When you write out the listing, keep each word exactly as it stands but include none of its images.

──────── Entries shown ────────

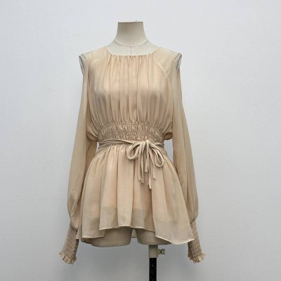Apricot Cold-Shoulder Chiffon Top With Drawstring Waist And Lantern Sleeves
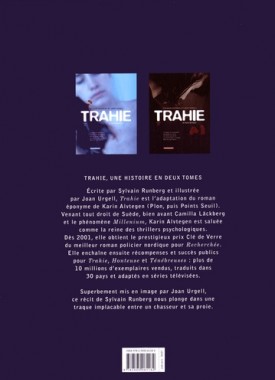 Vengeance et assassinat, qui s'en sortira ? Suite et fin de Trahie ! Sylvain Runberg et Joan Urgell ont réussi leur pari de mettre en images l'un des meilleurs thrillers psychologiques de la reine du genre en Suède, Karin Alvtegen. La tension entre les personnages est à son paroxysme ! Eva, la femme trompée, recourt aux pires stratagèmes pour se venger, tandis que Jonas, l'inquiétant psychopathe, met en oeuvre sa diabolique stratégie… Sur fond de couleurs glaciales et glaçantes, nul n'en sortira indemne et le lecteur non plus !
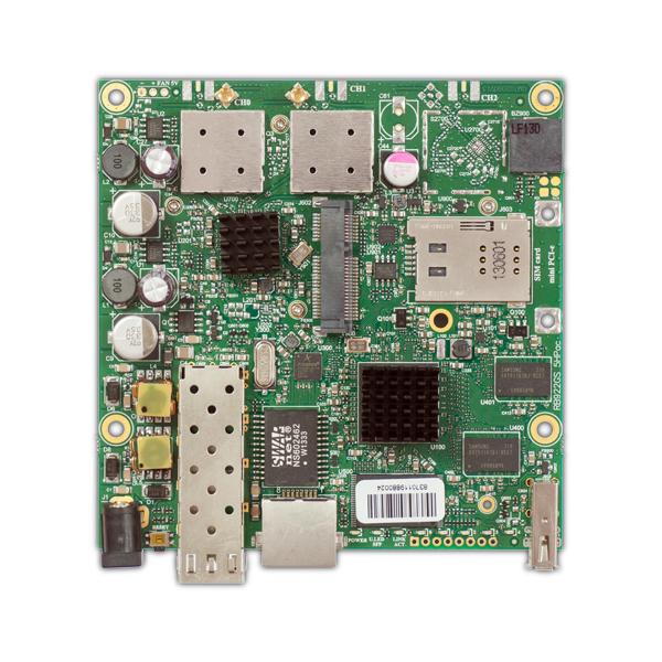 ISP Supplies supplies the MikroTik RouterBOARD 922UAGS-5HPacD (US) with 720Mhz CPU, 128MB RAM, 1xGigabit Ethernet, 1xSFP cage, 1xminiPCI-e, 1xSIM, onboard 802.11ac two Chain 5Ghz wireless, and RouterOS L4.
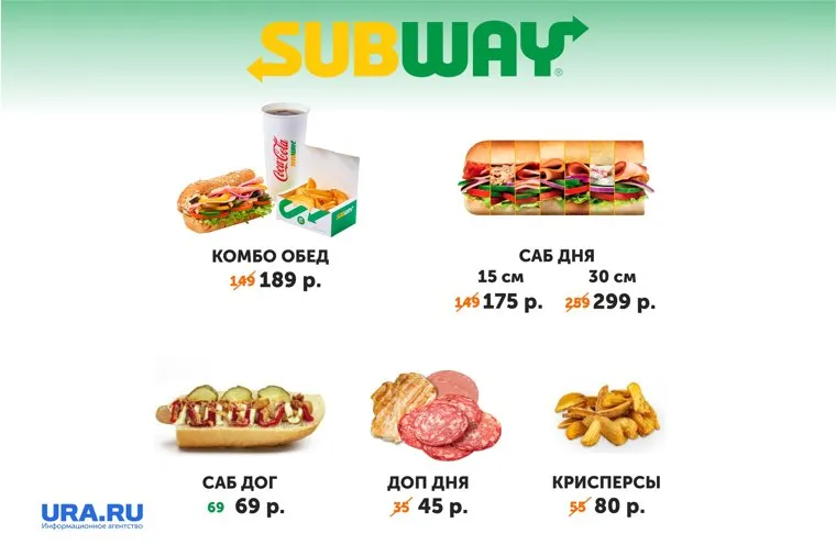 «Если сравнивать со старыми чеками, 15-сантиметровый сэндвич дня подорожал со 149 до 175 рублей. Комбо обед ( входит сэндвич и напиток, прим. URA.RU ) стал дороже на 40 рублей — раньше стоил 149, сейчас обойдется в 189 рублей», — передает корреспондент агентства.
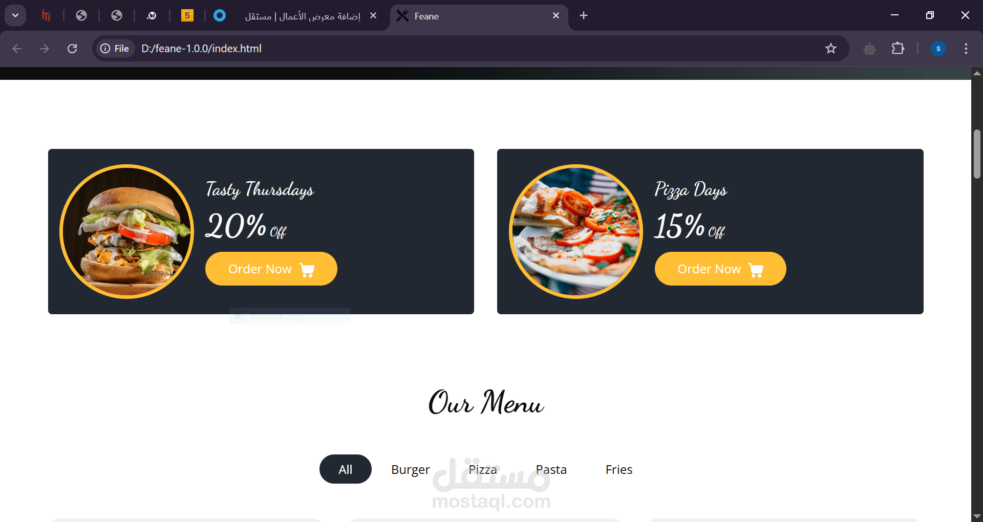 قمت بتصميم وتطوير واجهة مستخدم لموقع Feane، وهو موقع عصري لمطعم متخصص في الوجبات السريعة. يتميز الموقع بتصميم جذاب وألوان متناسقة تبرز منتجات الطعام بشكل جذاب، مع صور عالية الجودة لعناصر القائمة. يتيح الموقع للمستخدمين تصفح القائمة، حجز طاولة، أو تقديم طلب أونلاين بكل سهولة.

────────

Exercise answer >>
Apricot Cold-Shoulder Chiffon Top With Drawstring Waist And Lantern Sleeves
 Vengeance et assassinat, qui s'en sortira ? Suite et fin de Trahie ! Sylvain Runberg et Joan Urgell ont réussi leur pari de mettre en images l'un des meilleurs thrillers psychologiques de la reine du genre en Suède, Karin Alvtegen. La tension entre les personnages est à son paroxysme ! Eva, la femme trompée, recourt aux pires stratagèmes pour se venger, tandis que Jonas, l'inquiétant psychopathe, met en oeuvre sa diabolique stratégie… Sur fond de couleurs glaciales et glaçantes, nul n'en sortira indemne et le lecteur non plus !
 ISP Supplies supplies the MikroTik RouterBOARD 922UAGS-5HPacD (US) with 720Mhz CPU, 128MB RAM, 1xGigabit Ethernet, 1xSFP cage, 1xminiPCI-e, 1xSIM, onboard 802.11ac two Chain 5Ghz wireless, and RouterOS L4.
 «Если сравнивать со старыми чеками, 15-сантиметровый сэндвич дня подорожал со 149 до 175 рублей. Комбо обед ( входит сэндвич и напиток, прим. URA.RU ) стал дороже на 40 рублей — раньше стоил 149, сейчас обойдется в 189 рублей», — передает корреспондент агентства.
 قمت بتصميم وتطوير واجهة مستخدم لموقع Feane، وهو موقع عصري لمطعم متخصص في الوجبات السريعة. يتميز الموقع بتصميم جذاب وألوان متناسقة تبرز منتجات الطعام بشكل جذاب، مع صور عالية الجودة لعناصر القائمة. يتيح الموقع للمستخدمين تصفح القائمة، حجز طاولة، أو تقديم طلب أونلاين بكل سهولة.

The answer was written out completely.